I need to find the rows with given stationid, that have time1 greater than specified time and maximal time2.
The table is created like this:
CREATE TABLE forec (
stationid int,
time1 timestamp,
time2 timestamp,
value double,
PRIMARY KEY ((stationid), time1, time2)
) WITH CLUSTERING ORDER BY (time1 DESC)
Lets suppose the data in the table is like this:
+------------+-----------------------+----------------------+--------+
| stationid | time1 | time2 | value |
+------------+-----------------------+----------------------+--------+
| 1 | 2020-10-21 06:00:00 | 2020-10-21 05:00:00 | 1 |
| 1 | 2020-10-21 06:00:00 | 2020-10-21 04:00:00 | 2 |
| 1 | 2020-10-21 06:00:00 | 2020-10-21 03:00:00 | 3 |
| 1 | 2020-10-21 05:00:00 | 2020-10-21 04:00:00 | 4 |
| 1 | 2020-10-21 05:00:00 | 2020-10-21 03:00:00 | 5 |
| 1 | 2020-10-21 04:00:00 | 2020-10-21 02:00:00 | 6 |
+------------+-----------------------+----------------------+--------+
I would like to query: Give me all the rows where stationid = 1 and time1 >= 2020-10-21 05:00:00 and time2 has maximum value. The query should return the following rows:
+------------+-----------------------+----------------------+--------+
| stationid | time1 | time2 | value |
+------------+-----------------------+----------------------+--------+
| 1 | 2020-10-21 06:00:00 | 2020-10-21 05:00:00 | 1 |
| 1 | 2020-10-21 05:00:00 | 2020-10-21 04:00:00 | 4 |
+------------+-----------------------+----------------------+--------+
I know I could query like:
SELECT * FROM forec WHERE stationid = 1 AND time1 >= '2020-10-21 05:00:00';
and then filter the results on client (and keep only the rows that have maximum time2), however I would like to know if this can be done more efficiently (filtering results on the Cassandra side).
Or maybe I should change the table model?

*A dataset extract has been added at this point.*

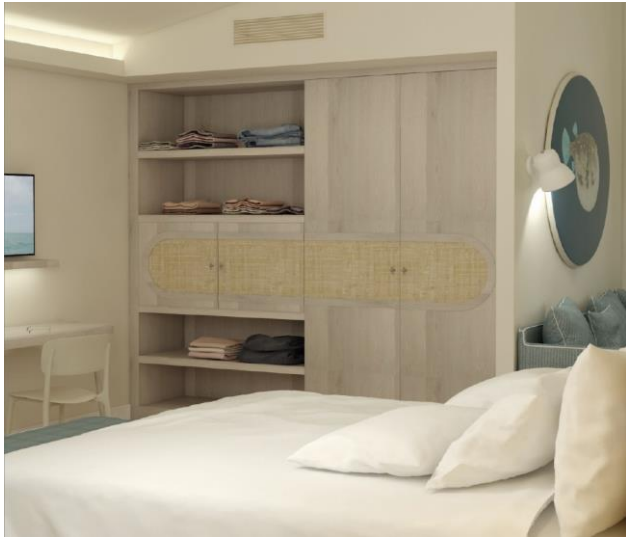
SUPERIOR DOUBLE – SUPERIOR TRIPLE 19 sqm / 21 sqm

No lift. The hotel has 112 rooms with telephone, hairdryer, TV Sat lcd 32, WI-FI, safe, air conditioning, mini fridge (drinks not included, on request with charge) and bathroom with shower. All rooms have an outdoor area equipped with drying rack.

Edit: According to Cassandra document, "If a column is selected without an aggregate function, in a statement with a GROUP BY, the first value encounter in each group will be returned." So below example only works when time2
is stored in DESC
order.
If you are using recent version of Cassandra (like 3.11.x) then you can use GROUP BY
to do things like
SELECT
stationid,
time1,
max(time2) AS max_time2,
value
FROM
forec
WHERE
stationid = 1
AND
time1 >= '2020-10-21 05:00:00'
GROUP BY time1;
and you get
cqlsh:test> SELECT stationid, time1, max(time2) as max_time2, value FROM forec WHERE stationid = 1 AND time1 >= '2020-10-21 05:00:00' GROUP BY time1;
stationid | time1 | max_time2 | value
-----------+---------------------------------+---------------------------------+-------
1 | 2020-10-21 06:00:00.000000+0000 | 2020-10-21 05:00:00.000000+0000 | 1
1 | 2020-10-21 05:00:00.000000+0000 | 2020-10-21 04:00:00.000000+0000 | 4
(2 rows)
Note that this scans your partition so be aware of partition size, especially when you use timestamp in clustering column.